On 25-Dec-08, at 2:02 AM, Ralph Goers wrote:
This whole thread makes my head hurt.
Frankly, and at the risk of being repetitious, I think all this work
into making this resolution based on versioning is pretty much a
waste of time.
I don't think anyone is OSGi land would agree with you. This is a
critical step along the way.
Now if your picture incorporated artifact metadata, such as
"provides" and "requires" attributes I'd sit up and take notice.
Until it does it really won't much matter how this works since
everything is going to continue to be locked down with managed
dependencies.
The whole point is to get down to a specified list of dependencies
that go into the runtime of your application. I don't disagree with
you here and Oleg certainly doesn't because we've discussed this at
length. What Mercury is provided is a way to arrive at that
possibility while along the way using the optimization functions to
get there. Otherwise it's a laborious manual process. We want to aid
this process during development with resolution and visualization
techniques. We don't want a system dynamically resolving everything at
runtime. The description of your application may say it can be
dynamic, but in practice you limit what is resolved. To manually
create your dependencyManagement, or lock down list, is a complete
pain in the ass.
I'm also not sure what you mean in your provides/requires model. What
you provide is something couched in terms your package. In OSGi you
generally export, or provide, packages in your library/application you
want to expose to others. What you import, or require, are the
dependencies your library/application needs. In our model currently
what a Maven project provides is itself as an artifact. What it
requires are its dependencies. This is how RPM works. If you look in a
spec file the list of what's provided is usually itself. I'm not sure
were on the same wavelength when talking about requires/provides. A
library can't provide anything then the content of what it contains
itself. In our course grained model (or requires bundle in OSGi speak)
it's the artifact you're making.
All I'm really looking for is a) dependency resolution based on
artifact attributes, b) notification when an unresolvable conflict
exists, and c) a way to generate managed dependencies based on a and
b so that the build can always be repeated.

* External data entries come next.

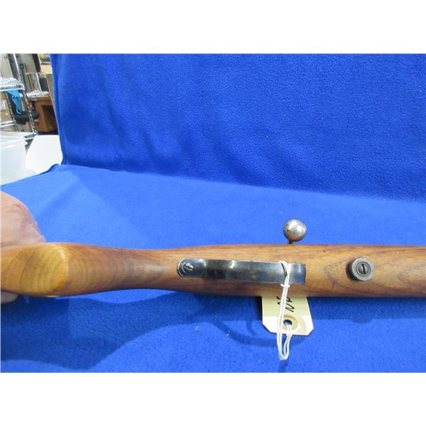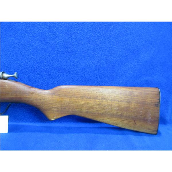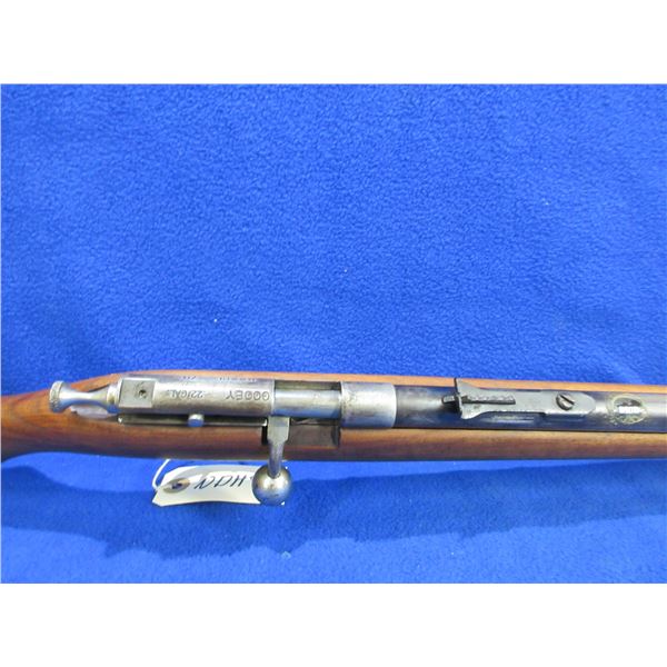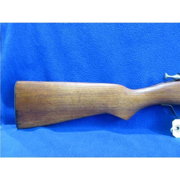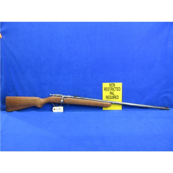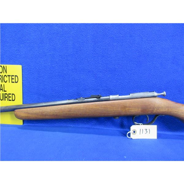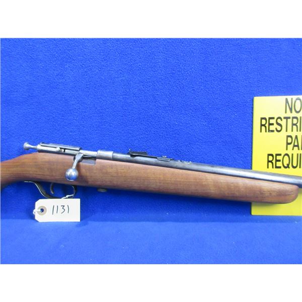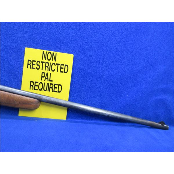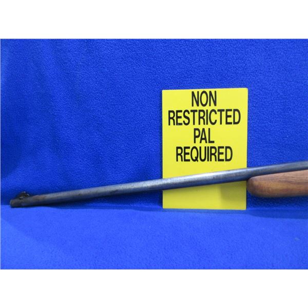 Non-Restricted - Cooey Model 78 Single Shot in 22 Cal. - This is a single shot bolt action rifle, action appears to be in good to very good working order. Barrel is 27", rifling is good to very good, bluing is gone, has both sights, stock has been refinished and is good to very good, length of pull is 13 1/2", metal butt plate good. Ser # 4317648 on Sticker
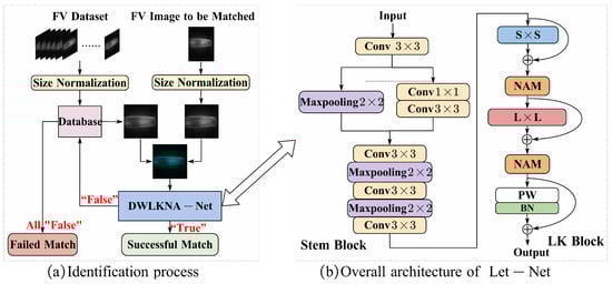 In practical applications, the identification process of Let-Net is shown in Figure 1a, which mainly includes image input, image preprocessing, FV feature extraction, model prediction, and result matching. Initially, a representative sample image for each finger type is randomly selected from existing databases and incorporated into the new FV database, ensuring the inclusion of at least one sample image for each finger type. Subsequently, Let-Net receives the image to be detected and a specific type of image from the database. The model then generates a matching result, indicating the concordance or disparity between the two images. A “True” match signifies that the image to be detected and the selected database image originate from the same finger. Conversely, in the case of a “False” match, the next type of image is selected for further matching, iteratively continuing until the matching process is completed. If, after traversing the entire database, no matching image is found, it implies that the image to be detected fails to correspond to any type of image in the database. Through this approach, Let-Net efficiently leverages the image information within the database, progressively determining the category to which the detected image belongs, thereby accomplishing the FV identification task. In comparison to conventional classification models, Let-Net exhibits significant superiority in terms of scalability. When confronted with new finger samples not present in the training set, there is no need to retrain the model; rather, the integration of the vein feature data of these new fingers into the database enables successful and precise classification recognition for the respective fingers. In contrast, classification models typically undergo the process of data updating from the training set and model retraining when handling such new samples.
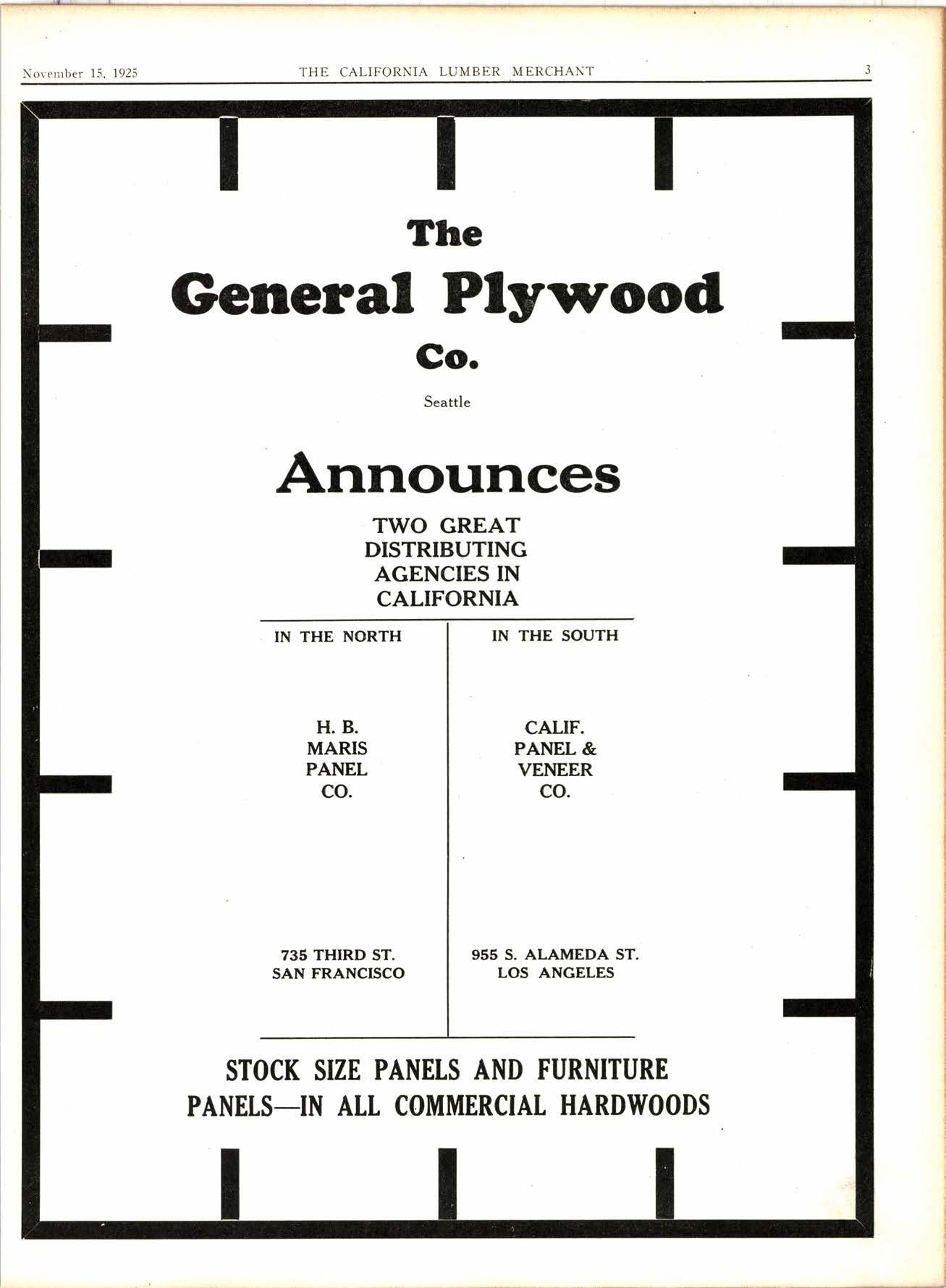 Seattle ^A,nnounces TWO GREAT DISTRIBUTING AGENCIES IN CALIFORNIA IN THE NORTH H. B. MARIS PANEL co. CALIF. PANEL & VENEER co. 735 THIRD ST. SAN FRANCISCO 955 S. ALAMEDA ST. LOS ANGELES STOCK SIZE PANELS AND FURNITURE PANELS-IN ALL COMMERCIAT HARDWOODS

a) is definitely coming and it essentially looks like an LDAP query
for lack of anything else to compare it against
b) most definitely required and this is handled internally by what we
have and is going to be far easier to see given what Oleg has
c) exactly
We are not talking about different things. To resolve all your
dependencies from scratch at runtime would be ill advised. The whole
point of the system is so that we can resolve on demand when changes
are necessary. Oleg and I have talked for a long time about the
dynamic nature of OSGi and balancing that with the fact that once your
QA team approves something you better not start throwing new bits into
the mix or you'll invalidate what was tested. Ultimately we want a
list of pieces for an application that we know don't change when we
are at the end of the cycle and are ready to ship. I'm pretty sure
what you need is something we have accounted for.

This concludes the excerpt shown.